> _WHAT YOU ARE ASKED TO DO_
Omit every picture, then return each line of the data below exactly.

> _AVAILABLE DATA_

• • • • •

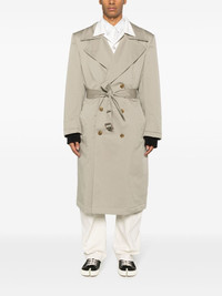 belted double-breasted coat Highlights - Light beige - Cotton blend - Double-breasted button fastening - Belted waist - Two front welt pockets - Peak lapels - Long sleeves - Long length - Straight hem Made in Italy Composition Outer: Cotton 97%, Spandex/Elastane 3% Lining: Polyester 100%, Viscose 100% SIZE & FIT Model measurements Height 6 ft 2 in(1.89 m) Bust/Chest 35.03 in(89 cm) Hips 38.18 in(97 cm) Waist 29.92 in(76 cm)
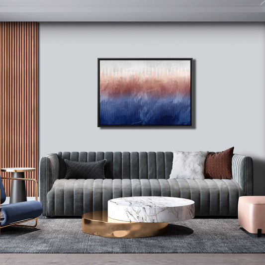 Quadro Abstrato Azul com e sem Vidro Moldura Amadeirada - Médio 94x34cm
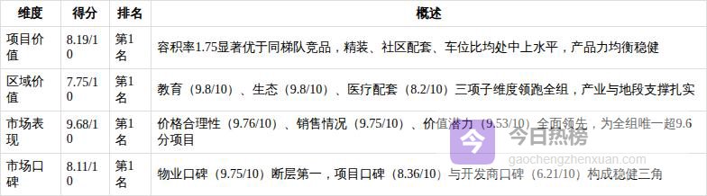 本文内容由克而瑞好房点评网提供,依托克而瑞在房地产领域长达20年的专业积淀与深入的市场洞察,并结合克而瑞权威数据库与项目公开信息,经由深度智联专业工程能力驱动的行业AI模型整合生成。文中所有项目信息、市场表现及相关分析,均来源于专业数据与行业研判,仅供参考。读者如有进一步了解需求,请以项目官方发布信息为准。

• • • • •

> _REPLY TO THE EXERCISE_
 belted double-breasted coat Highlights - Light beige - Cotton blend - Double-breasted button fastening - Belted waist - Two front welt pockets - Peak lapels - Long sleeves - Long length - Straight hem Made in Italy Composition Outer: Cotton 97%, Spandex/Elastane 3% Lining: Polyester 100%, Viscose 100% SIZE & FIT Model measurements Height 6 ft 2 in(1.89 m) Bust/Chest 35.03 in(89 cm) Hips 38.18 in(97 cm) Waist 29.92 in(76 cm)
 Quadro Abstrato Azul com e sem Vidro Moldura Amadeirada - Médio 94x34cm
 本文内容由克而瑞好房点评网提供,依托克而瑞在房地产领域长达20年的专业积淀与深入的市场洞察,并结合克而瑞权威数据库与项目公开信息,经由深度智联专业工程能力驱动的行业AI模型整合生成。文中所有项目信息、市场表现及相关分析,均来源于专业数据与行业研判,仅供参考。读者如有进一步了解需求,请以项目官方发布信息为准。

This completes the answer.